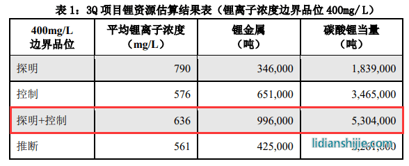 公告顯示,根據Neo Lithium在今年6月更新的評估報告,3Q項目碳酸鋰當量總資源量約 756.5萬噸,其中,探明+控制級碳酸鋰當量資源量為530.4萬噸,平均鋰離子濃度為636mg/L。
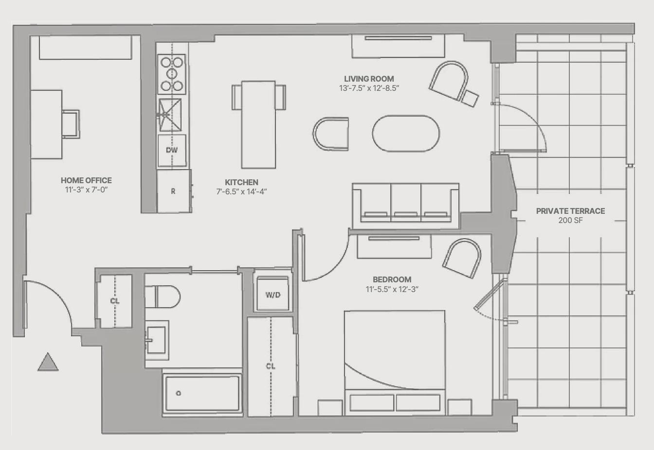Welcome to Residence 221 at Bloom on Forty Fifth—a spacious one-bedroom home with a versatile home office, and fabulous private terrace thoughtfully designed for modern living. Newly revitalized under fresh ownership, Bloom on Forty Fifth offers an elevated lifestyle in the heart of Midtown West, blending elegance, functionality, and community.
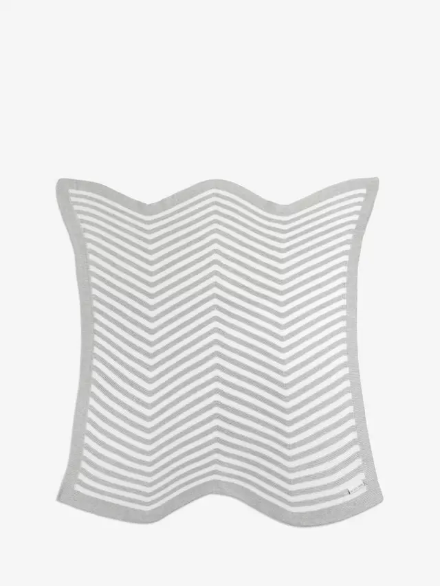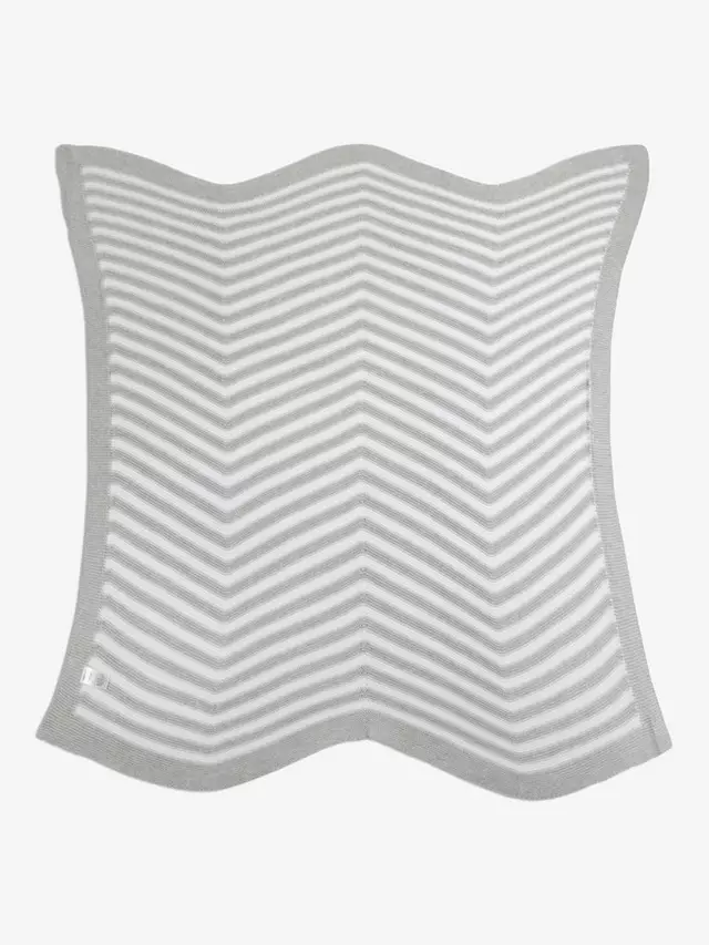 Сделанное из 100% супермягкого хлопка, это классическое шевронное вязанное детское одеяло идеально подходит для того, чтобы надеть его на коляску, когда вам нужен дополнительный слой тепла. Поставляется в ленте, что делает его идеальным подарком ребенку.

******

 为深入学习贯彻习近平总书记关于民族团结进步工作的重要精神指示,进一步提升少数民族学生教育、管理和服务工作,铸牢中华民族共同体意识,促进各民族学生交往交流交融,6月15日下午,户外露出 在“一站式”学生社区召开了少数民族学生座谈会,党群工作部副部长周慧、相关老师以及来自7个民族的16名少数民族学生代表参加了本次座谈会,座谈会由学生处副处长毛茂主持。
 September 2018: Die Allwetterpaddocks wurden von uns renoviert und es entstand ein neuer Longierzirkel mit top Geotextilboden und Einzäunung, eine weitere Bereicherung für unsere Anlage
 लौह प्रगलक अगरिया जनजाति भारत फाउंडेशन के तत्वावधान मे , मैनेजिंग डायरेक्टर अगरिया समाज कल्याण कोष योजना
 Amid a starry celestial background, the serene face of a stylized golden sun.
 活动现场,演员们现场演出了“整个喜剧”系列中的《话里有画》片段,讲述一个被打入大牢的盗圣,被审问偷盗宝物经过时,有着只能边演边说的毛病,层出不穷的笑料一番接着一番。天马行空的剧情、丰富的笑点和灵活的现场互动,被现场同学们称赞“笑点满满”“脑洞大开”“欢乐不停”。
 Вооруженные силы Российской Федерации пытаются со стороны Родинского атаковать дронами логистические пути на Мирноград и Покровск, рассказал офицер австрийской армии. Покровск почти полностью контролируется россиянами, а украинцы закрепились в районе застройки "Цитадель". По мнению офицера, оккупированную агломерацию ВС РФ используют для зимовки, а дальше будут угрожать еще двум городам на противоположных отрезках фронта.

******

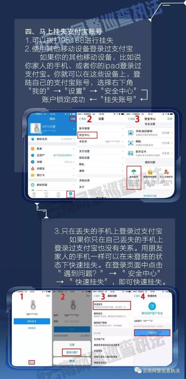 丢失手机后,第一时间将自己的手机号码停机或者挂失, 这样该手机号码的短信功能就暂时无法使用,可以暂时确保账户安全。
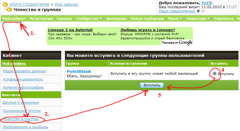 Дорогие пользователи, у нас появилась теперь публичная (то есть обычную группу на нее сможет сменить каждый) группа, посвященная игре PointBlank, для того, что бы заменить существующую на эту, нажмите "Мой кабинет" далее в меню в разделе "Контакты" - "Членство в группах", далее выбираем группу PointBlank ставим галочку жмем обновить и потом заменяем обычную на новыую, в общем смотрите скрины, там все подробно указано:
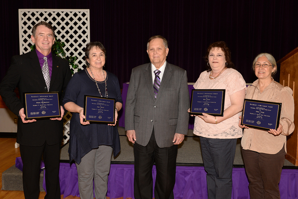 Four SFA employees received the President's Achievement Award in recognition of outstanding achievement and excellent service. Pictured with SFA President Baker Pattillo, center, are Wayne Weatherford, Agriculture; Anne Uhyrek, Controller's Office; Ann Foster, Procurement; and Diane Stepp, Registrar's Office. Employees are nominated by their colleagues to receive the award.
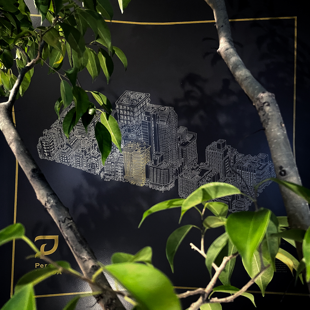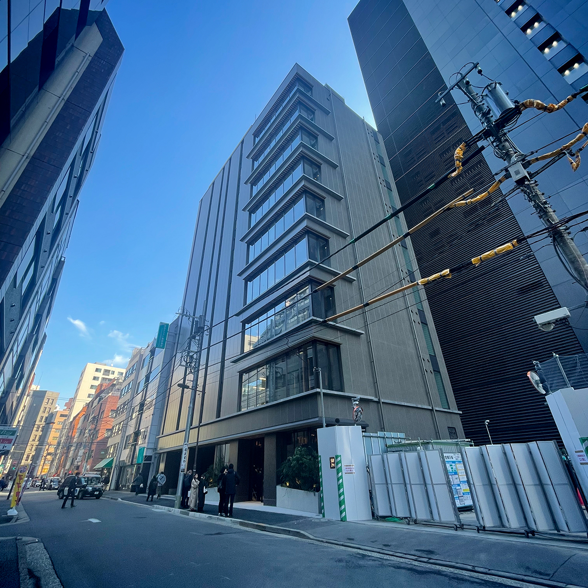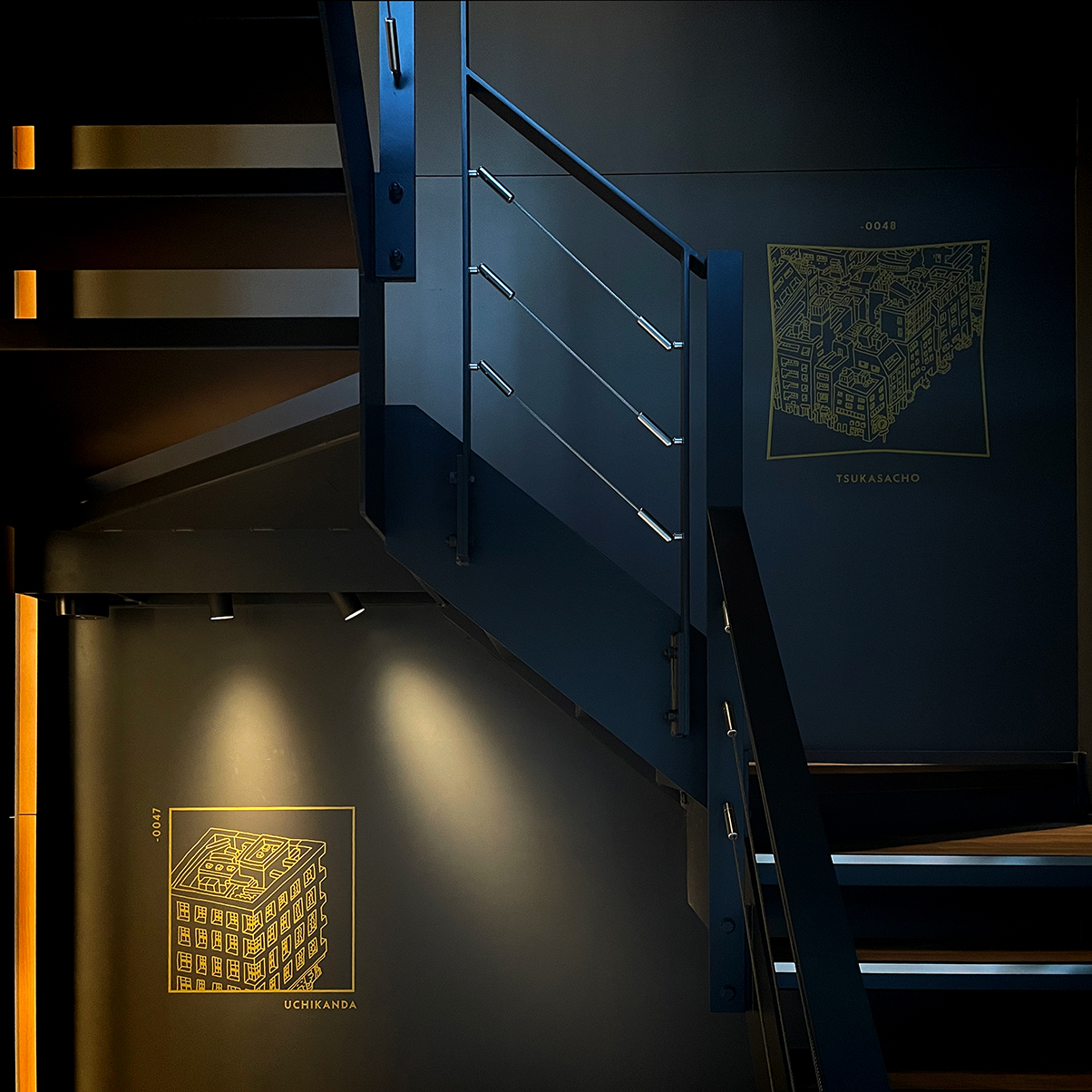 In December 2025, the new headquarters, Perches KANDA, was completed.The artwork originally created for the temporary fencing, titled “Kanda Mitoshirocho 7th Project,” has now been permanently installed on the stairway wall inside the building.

******

# What is required
Copy out each line of the data above, exactly, if it lies between the line holding "लौह प्रगलक अगरिया" and the line holding "Amid a starry", inclusive; copy no other line.

# Solution
 लौह प्रगलक अगरिया जनजाति भारत फाउंडेशन के तत्वावधान मे , मैनेजिंग डायरेक्टर अगरिया समाज कल्याण कोष योजना
 Amid a starry celestial background, the serene face of a stylized golden sun.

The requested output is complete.